MariaDB Galera cluster
On all three nodes, add the MariaDB APT repository:
add-apt-repository 'deb http://mirrors.digitalocean.com/mariadb/repo/11.5/debian bookworm main'
apt-key adv --recv-keys --keyserver hkp://keyserver.ubuntu.com:80 0xF1656F24C74CD1D8
On their page there is also a setup script, but that requires piping curl to bash which is very insecure. Setting up the repository manually is not much more difficult.
Update the local cache and install mariadb:
apt update
apt install mariadb-server
This article exposes MariaDB to your network. On a real production setup, please use separate VLAN's for management and this kind of traffic. For a home-lab setup like mine, this is fine.
Make sure mariadb
is accessible over the network (instead of localhost):
vim /etc/mysql/mariadb.conf.d/50-server.cnf
Update bind-address
, change 127.0.0.1
to 0.0.0.0
:
# Instead of skip-networking the default is now to listen only on
# localhost which is more compatible and is not less secure.
bind-address = 0.0.0.0
Make sure the root
user has a secure password. By default that user has no password. Open a MySQL prompt:
mariadb -uroot
Set a secure password:
set password = password("SuperS3cUr3P@ssw0rd");
quit;
Now it's time to set up the Galera Cluster. Create the configuration file:
vim /etc/mysql/conf.d/galera.cnf
Paste the following:
[mysqld]
binlog_format=ROW
default-storage-engine=innodb
innodb_autoinc_lock_mode=2
bind-address=0.0.0.0
# Galera Provider Configuration
wsrep_on=ON
wsrep_provider=/usr/lib/galera/libgalera_smm.so
# Galera Cluster Configuration
wsrep_cluster_name="k3s_cluster"
wsrep_cluster_address="gcomm://192.0.2.60,192.0.2.61,192.0.2.62"
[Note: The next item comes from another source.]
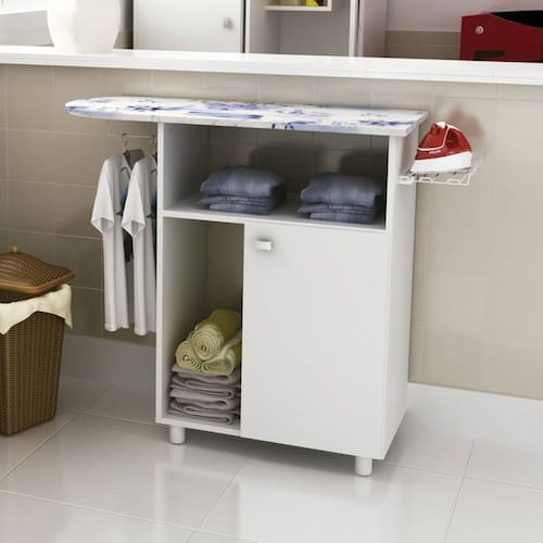 Seu ambiente mais moderno e sofisticado. A tábua de passar TP 3010 é produzida em MDP 15 mm. Possui 1 porta com dobradiças metálicas, cabideiro que facilita acomodação das roupas durante execução das tarefas. Acompanha suporte aramado descanso para ferro elétrico que garante maior segurança ao passar as roupas. O puxador é ergonômico em plástico resistente, tem 4 pés em modelo maçã para garantir maior estabilidade do produto. Acabamento em fosco com secagem em luzes UV. Tenha em casa um produto prático e funcional, seu ambiente ficará mais bonito e mais moderno. Aproveite!!

# Galera Synchronization Configuration
wsrep_sst_method=rsync
# Galera Node Configuration
wsrep_node_address="192.0.2.60"
wsrep_node_name="node1"
Change the following parameters to be the same on all 3 nodes:
wsrep_cluster_name
: the name of your clusterwsrep_cluster_address
: add all IP's of the cluster nodes
Change the following parameters on each node, unique for that specific node:
wsrep_node_address
: IP address of that nodewsrep_node_name
name for that node
Time to bootstrap the cluster. Stop MySQL on all nodes:
systemctl stop mysql
On node 1, start up galera:
galera_new_cluster # no output
Check:
mysql -u root -p -e "SHOW STATUS LIKE 'wsrep_cluster_size'"
Output:
+--------------------+-------+
| Variable_name | Value |
+--------------------+-------+
| wsrep_cluster_size | 1 |
+--------------------+-------+
On node 2 (and node3):
systemctl start mariadb
Check cluster status on node 1:
+--------------------+-------+
| Variable_name | Value |
+--------------------+-------+
| wsrep_cluster_size | 2 |
+--------------------+-------+
Repeat the above step on node3
, the value should increase to 3.
Galera Cluster auto-reboot
Normally you would not want to do this and assume the cluster is up. In my case I turn off the Orange Pi Zero 3 computers when I'm experimenting for the day. When restarting a Galera Cluster you need to follow specific steps and do checks to make sure everything starts up correctly without data loss. The same goes for when one node drops out.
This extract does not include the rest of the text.